(insta)deactivated

After much searching through menus and settings (and an unwillingness on the part of the app on the iPad to scroll down far enough to hit the "deactivate" button requiring me to go to a computer), finally hit the deactivate button (six days early, but to hell with it: those who wanted to stay connected have already done so, the rest, bye): my Insta-presence is no more. Aside from that one video with the "get that shit out of my face" vegan frog (which I did watch about 35 times before hitting deactivate: that "motherfucker stop, STOP!" shriek kills me every time), I don't miss any of it.

(And when Threads launched, I realized I didn't really need or want another microblogging conversation platform: that's what this space and the Fediverse are for / Note: still want to use the FV for my comment system here; running out of time before the next annual bill comes due.)

Didn't go full delete on Insta because I'm enough of a shit that I don't want the other Tylers Weaver to have that account name. I've protected it long enough, even added the extra W to myself, across multiple platforms and decades, this being my third (holy shit).

Related/un–: I anticipate the day that some startup buys (or pulls a Muskian coup on SpaceKaren himself) the Twitter name and the rights and the bird and brings it back, sort of like Twinkies and PBR, banking on nostalgia as a (highly viable) business model. As someone rightly said, the brand was the only thing that didn't need fixing at Twitter.

Anyhow byebye massive communication/advertising conglomerate techbro companies. We had our laughs and our cries and our successes and our failures but it's time to move on. Internet dinosaur powers: activate.

threads? threets?

Signed up for Threads (which, to its credit, is remarkably easy to do), posted a Thread (Threet?) or two and a dog GIF, and realized that a.), Twitter is its own Twitter killer – Space Karen is just the latest (though admittedly far more loathsome – if he and Zuckhead fight it out in the Colosseum, the world would be far better off if the rules of engagement were historically accurate to the place they chose to besmirch, read: lions) wrecking ball; b.), while I’m willing to fiddle about with it, I have little interest in another short, status-based ambient social/swarm experience; and c.), having asked myself, "If I were to start using social media for the first time today and not 15+ years ago, how would I use it?" the answer is, without fail, I wouldn't: while I'm grateful for the eyes that “the socials” have brought to my little narrative experiments and mental gesticulations, I've felt a mental and creative freedom in these last couple of weeks away from all of them – yes, even Mastodon – that I haven't felt in, well, 15+ years. That being said: perhaps with a bit more time (I'm experimenting with once-weekly photo dumps from the week prior on Insta and, like I said, I’m willing to fiddle with Threads for a spell) I’ll find a modicum of enjoyment but I'm not going to expend any significant mental energy to do so.
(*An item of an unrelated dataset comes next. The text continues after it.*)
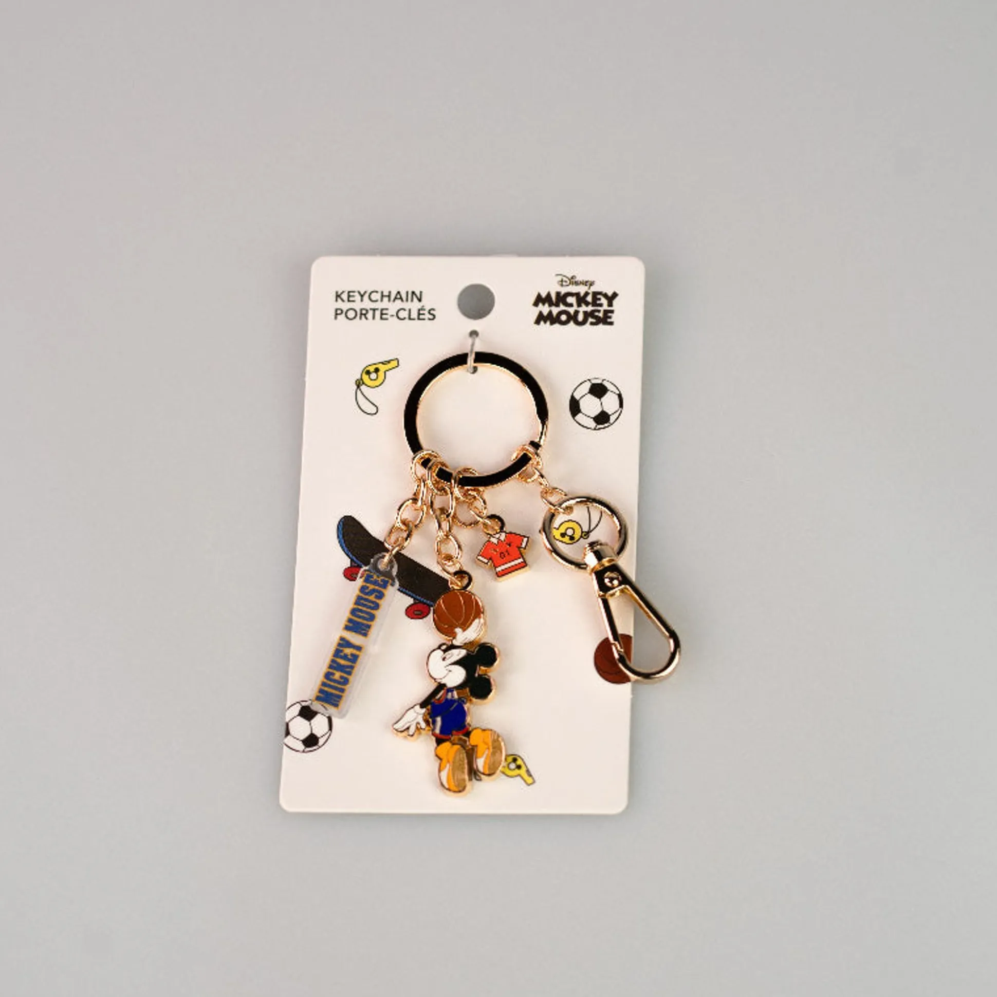 Portachiavi Color Oro Mickey Mouse Collezione Sport, Basket, A Tre Ciondoli.

this is the last thing i’m letting myself write about twitter

Every tweet is deleted, DMs in the process of, switches turned to off, one by one: every success and failure and hope and disappointment and opportunity and clusterfuck and useless ephemeralilty from 14 years of my life, from 27 through 41.

Were those 14 worth it? Not really, no.

While I've made some wonderful connections with now-lifelong friends and creative collaborators and had a few good opportunities, it wasn't worth what I let it do with my brain: I got sucked into its promise - which was very real - when I was at my most vulnerable, having lost my job, then my house – and I bought into the fantasy that it could give me a road forward.

The only road it gave me was a roundabout back into the feeding trough, dangling the hope that maybe I could be mentioned in the same breath as those writers with the 200k followers (a need for validation for which I’ve nothing but shame), that maybe I could have some impact on the world, that my hopes and creations were more than poker chips for a rigged game.

In the slot machine of Twitter, at least, they weren’t.

Anyhow, I'm not letting myself repeat those mistakes in this new social era (if I make the same mistakes at 41 as I did at 27, I won't be angry, just disappointed): I've happily moved on to Mastodon and here and the newsletter, doing whatever I feel like doing creatively and sharing it with whoever finds their way to it because at this point, honestly, fuck it.

“Fuck it”: was a more apposite summation of Twitter ever written? Probably. But fuck it: I'm free. And so are you.

(that other place) notes, expanded

Expanding, from Mastodon post:

As someone who attempted to run the day to day of a company financed by a rich asshole who thought they knew everything by virtue of being a rich asshole – though this particular rich asshole was much more hands off than Twitter's resident rich asshole (except when he had an idea that just had to happen which required me to spend most of my tenure fighting back and getting him to open the wallet to basic site functionality that needed fixing and enhancement – I mean, who would have thought that a digital archive of more than a million pages of scanned historical documents should have a robust and user-friendly search engine?) – I have nothing but sympathy for those trying to keep it afloat: You're staying with a sinking ship whose iceberg decided they should be the captain.